The gloomy exports join poor results from a private-sector survey on the country's manufacturing sector, which analysts say strengthens the case for an additional interest rate cut.
"There are several one-off factors but the weak export figures and the persisting weakness in other recent indicators support our view that the Bank of Korea will have to cut interest rates soon," said Park Sang-hyun, chief economist at HI Investment & Securities.
The Bank of Korea last eased policy in March in a surprise move, cutting the benchmark rate by 25 basis points to a record low 1.75 percent to kick start an economy growing at its slowest annual pace in two years.

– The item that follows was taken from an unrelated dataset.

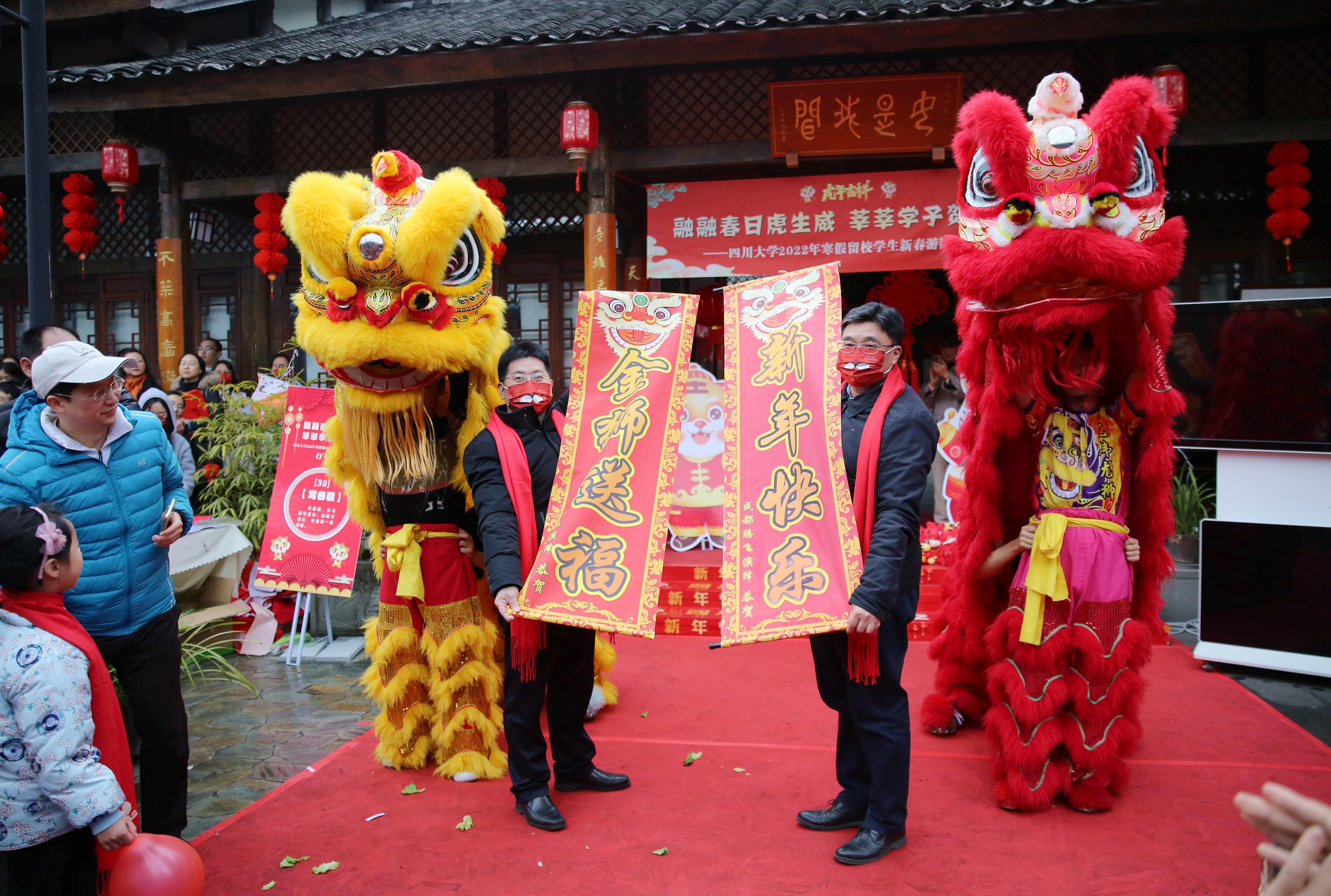 伴着精彩的表演,活动中还设置了抽奖、集体游戏等环节。零食大礼包、运动相机、小米手环、电动牙刷等丰富奖品被同学们领回去,开启龙腾虎跃的农历2022年。中奖的同学们也纷纷上台送出春节祝福:“愿山河无恙,国泰民安。”“希望川大越办越好!”“祝愿大家新一年里身体健康、前程锦绣!”……

The monthly HSBC/Markit survey showed on Monday that South Korea's manufacturing activity contracted for a third consecutive month in May and by the sharpest pace since the middle of 2013.
Seoul stocks (KS11) fell nearly 1 percent in early trade while the won <KRW=> dropped more than half a percent after the poor export and manufacturing survey data were released, although bond futures held steady.
South Korea sends one-quarter of its total exports to neighbouring China, where a persistent economic slowdown continues to drag on Korea's overseas shipments.